(Stored entries):
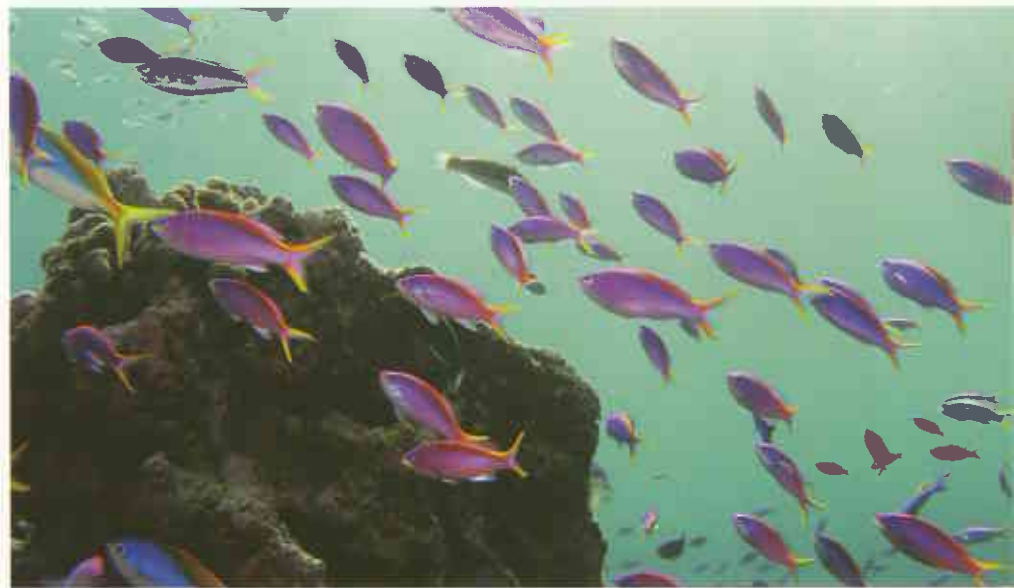
Above Purple anthias at Scott Reef.

and three species of seagrasses have so far been recorded, but the list will no doubt grow once the smaller, cryptic species, mostly growing on the larger seaweeds, are examined in detail. It is the first time many of these species have been found in WA waters, although they have been recorded from tropical reefs in Indonesia and the Philippines.
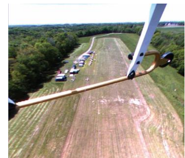
Stabilized image of a portion of the scene
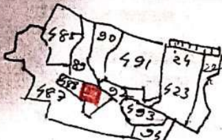
NEW MAP KEY PLAN:- SCALE - 1" = 330'0"

NORTH ... NEW PLOT No. 489, 490, (492) SOUTH ... 20'0" ROAD. EAST ... PART OF THIS PLOT, 16'0" ROAD. WEST ... PART OF THIS PLOT, 20'0" ROAD.
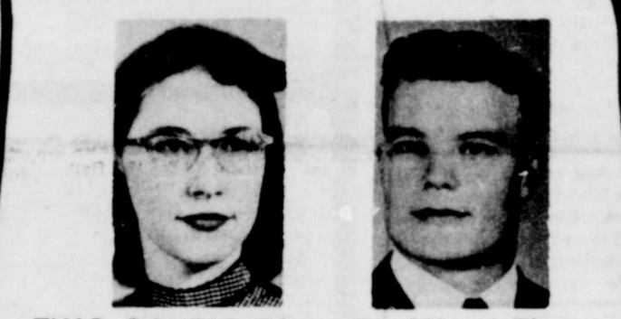
THIS COUPLE Plans To Attend The Abernathy Ex-Students' and Ex-Teachers' Reunion, July 3, 1976, WON'T YOU?
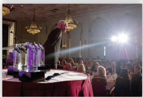
Transforming Supporter $25,000
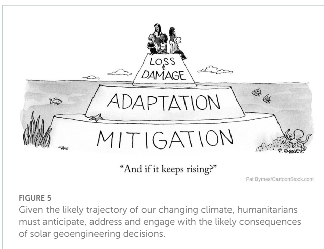
FIGURE 5 Given the likely trajectory of our changing climate, humanitarians must anticipate, address and engage with the likely consequences of solar geoengineering decisions.

The current state of affairs yields a world in which mitigation is not happening fast enough, adaptation does not go far enough, and Loss and Damage mechanisms are nascent at best (see Figure 5). This is a recipe for human suffering. At the same time, the pace of conversation on solar geoengineering has accelerated. Should humanitarians embrace solar geoengineering offerings as an imperfect, but possibly a better option than the consequences of not mitigating and adapting fast enough?
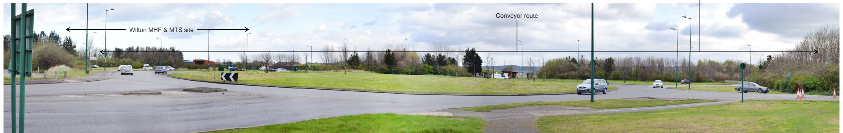
VIEW 6. Looking south west from A1085

Note: lines on photographs indicate approximate horizontal extent of scheme within view but do not illustrate conveyor height.

(Task instructions): Take each line above that holds the string "geoengineering" and copy it.

(Final answer):
FIGURE 5 Given the likely trajectory of our changing climate, humanitarians must anticipate, address and engage with the likely consequences of solar geoengineering decisions.
The current state of affairs yields a world in which mitigation is not happening fast enough, adaptation does not go far enough, and Loss and Damage mechanisms are nascent at best (see Figure 5). This is a recipe for human suffering. At the same time, the pace of conversation on solar geoengineering has accelerated. Should humanitarians embrace solar geoengineering offerings as an imperfect, but possibly a better option than the consequences of not mitigating and adapting fast enough?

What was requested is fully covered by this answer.